Your instructions: Your task is to repeat the lines below exactly, excluding any pictures they contain.

Top of Input material

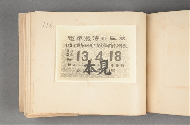 本文物為昭和13年(1938)由東京電氣局發行自治制發布50周年紀念祝賀會電車優待乘車劵,其通用期限為4月18日,並改有「本見」二字一章。
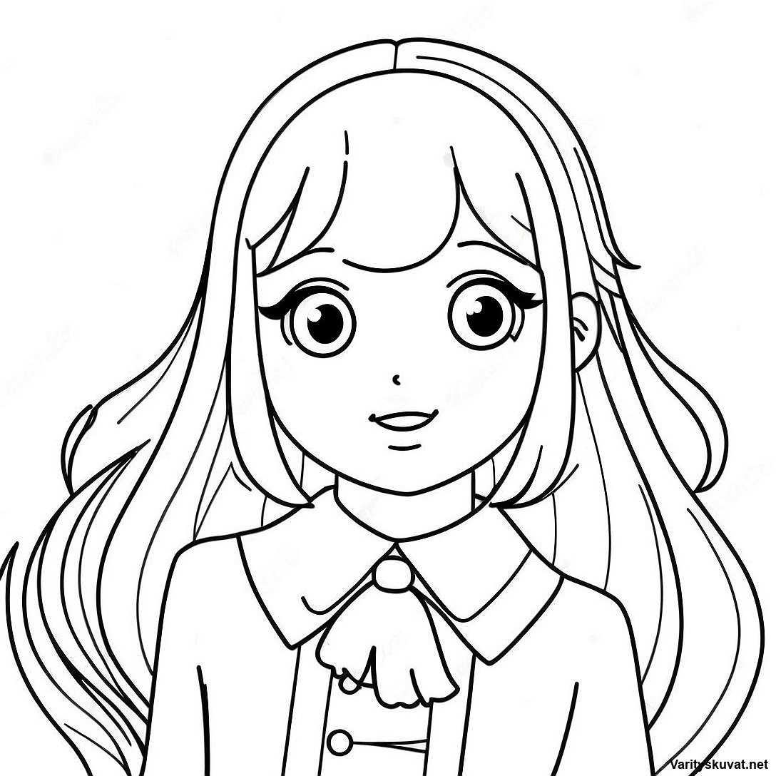 Lataa tulostettava PDF Söpö Pitkätukkainen Anime-Tyttö Värityskuva
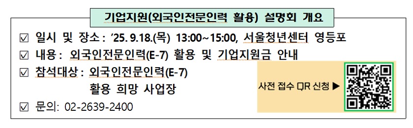 서울남부고용노동지청은 “중소벤처기업진흥공단·대한행정사회·청년센터와 협업하여 9월 18일 외국인 전문 인력(E-7-1) 활용 방안에 대한 설명회를 개최한다”고 9월 10일 밝혔다.
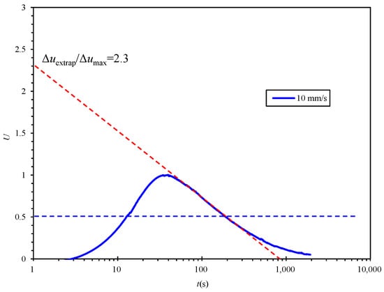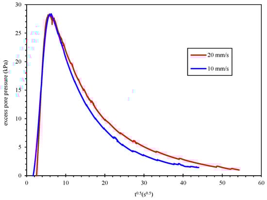 Mahmoodzadeh and Randolph [] observed that the root time method gives the most reliable results with respect to the similarity of the shape of the measured and theoretical dissipation curves, and gives the determination of Δuextrap with the root method applied to the dissipation. However, this method is not suitable for the soil in the test described in this paper. In Figure 10, the dissipation curve of silty clay with clay content of 20% is taken as an example. There is no dissipation segment close to a straight line to obtain Δuextrap, and so it is difficult to use this method in practice. Figure 9 shows that each dissipation curve is close to a straight line near T50. Δuextrap/Δumax = Umax/Uextrap, therefore, Δuextrap/Δumax can be obtained directly from the normalized U-t curve, as shown in Figure 11.
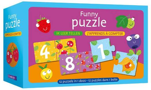 Met deze vrolijke puzzels leren kinderen tellen op een speelse manier: tel het aantal stukken fruit en zoek het bijpassende cijfer! 12 puzzels van 2 stukken in een doos. Geschikt voor kinderen vanaf 3 jaar. Les enfants apprennent à compter tout en s'amusant grâce à ces beaux puzzles : compte le nombre de fruits et cherche le chiffre correspondant. 12 puzzles de 2 pièces dans une boîte. Pour les enfants à partir de 3 ans.
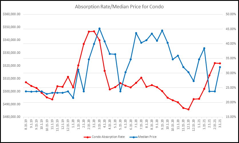 - A relatively high absorption rate gave us a strong floor for median condo prices to jump higher. So long as the absorption rate can stay strong, escalation clauses will likely keep pushing prices even higher than where we’re at today in the weeks to come.
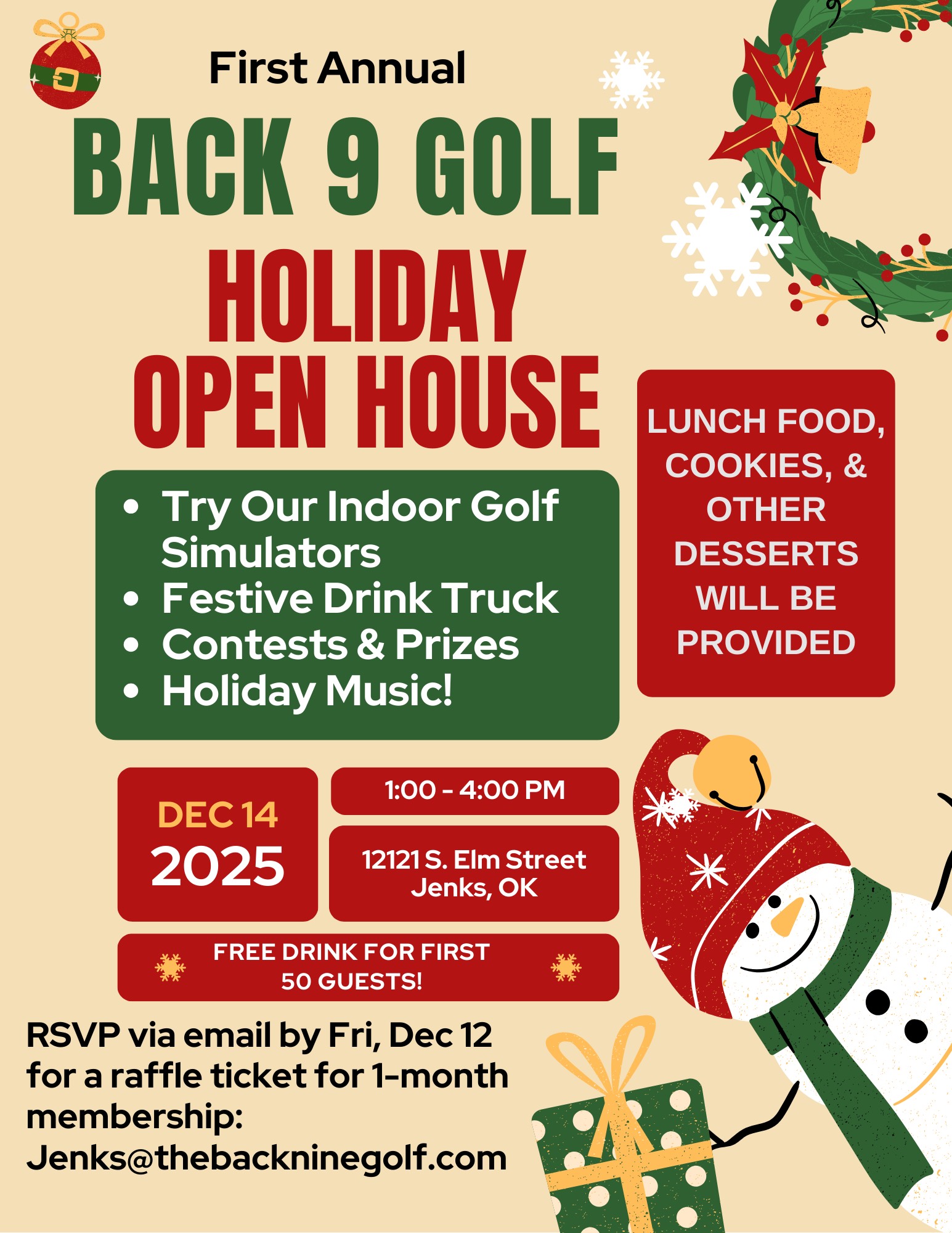 Join us for a fun & festive afternoon at Back Nine Golf! Enjoy indoor golf simulator play, a drink truck, contests, prizes, and holiday music. Food, cookies, and other desserts will be provided. The first 50 guests will receive a free drink.
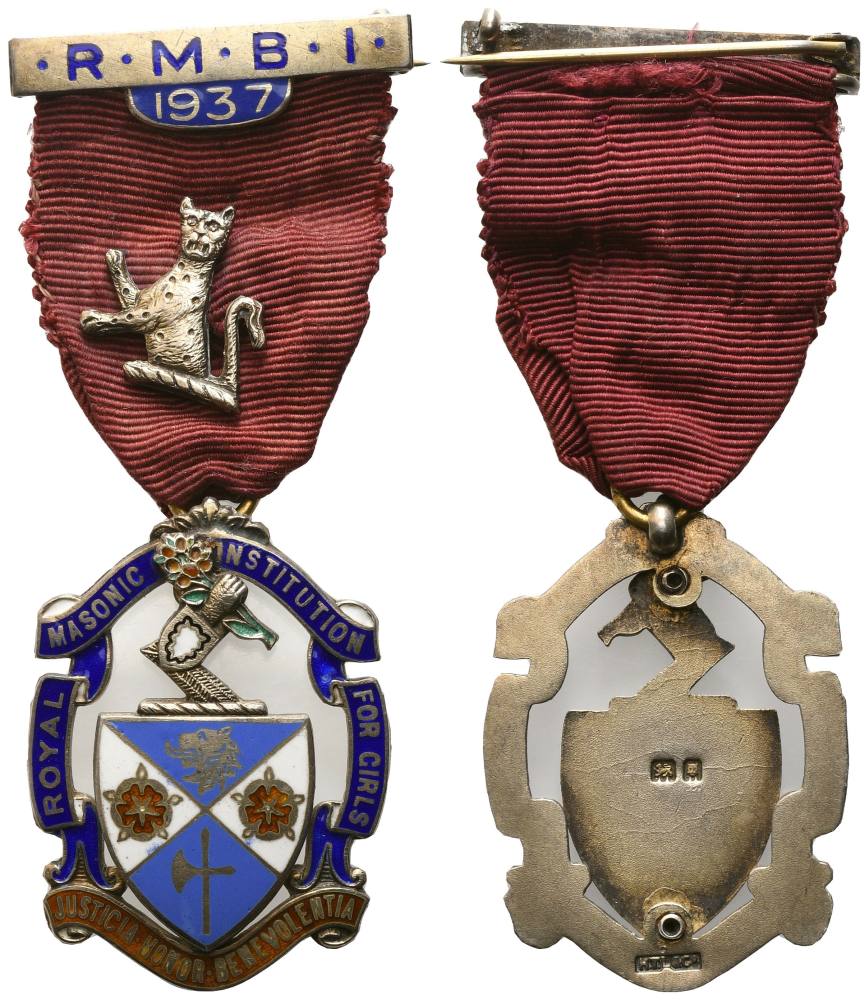 Medaglia Royal Masonic Institution For Girls, "Justicia Honor Benevolentia", R. M. B. I. - 1937, AG E Smalti (27,8 x 81,9 mm)
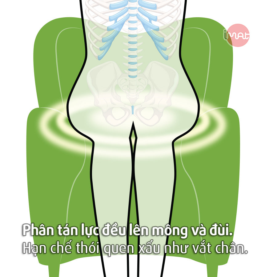 - Ngồi sâu vào ghế, tựa lưng sát ghế

Bottom of Input material

Output for this task:
 本文物為昭和13年(1938)由東京電氣局發行自治制發布50周年紀念祝賀會電車優待乘車劵,其通用期限為4月18日,並改有「本見」二字一章。
 Lataa tulostettava PDF Söpö Pitkätukkainen Anime-Tyttö Värityskuva
 서울남부고용노동지청은 “중소벤처기업진흥공단·대한행정사회·청년센터와 협업하여 9월 18일 외국인 전문 인력(E-7-1) 활용 방안에 대한 설명회를 개최한다”고 9월 10일 밝혔다.
 Mahmoodzadeh and Randolph [] observed that the root time method gives the most reliable results with respect to the similarity of the shape of the measured and theoretical dissipation curves, and gives the determination of Δuextrap with the root method applied to the dissipation. However, this method is not suitable for the soil in the test described in this paper. In Figure 10, the dissipation curve of silty clay with clay content of 20% is taken as an example. There is no dissipation segment close to a straight line to obtain Δuextrap, and so it is difficult to use this method in practice. Figure 9 shows that each dissipation curve is close to a straight line near T50. Δuextrap/Δumax = Umax/Uextrap, therefore, Δuextrap/Δumax can be obtained directly from the normalized U-t curve, as shown in Figure 11.
 Met deze vrolijke puzzels leren kinderen tellen op een speelse manier: tel het aantal stukken fruit en zoek het bijpassende cijfer! 12 puzzels van 2 stukken in een doos. Geschikt voor kinderen vanaf 3 jaar. Les enfants apprennent à compter tout en s'amusant grâce à ces beaux puzzles : compte le nombre de fruits et cherche le chiffre correspondant. 12 puzzles de 2 pièces dans une boîte. Pour les enfants à partir de 3 ans.
 - A relatively high absorption rate gave us a strong floor for median condo prices to jump higher. So long as the absorption rate can stay strong, escalation clauses will likely keep pushing prices even higher than where we’re at today in the weeks to come.
 Join us for a fun & festive afternoon at Back Nine Golf! Enjoy indoor golf simulator play, a drink truck, contests, prizes, and holiday music. Food, cookies, and other desserts will be provided. The first 50 guests will receive a free drink.
 Medaglia Royal Masonic Institution For Girls, "Justicia Honor Benevolentia", R. M. B. I. - 1937, AG E Smalti (27,8 x 81,9 mm)
 - Ngồi sâu vào ghế, tựa lưng sát ghế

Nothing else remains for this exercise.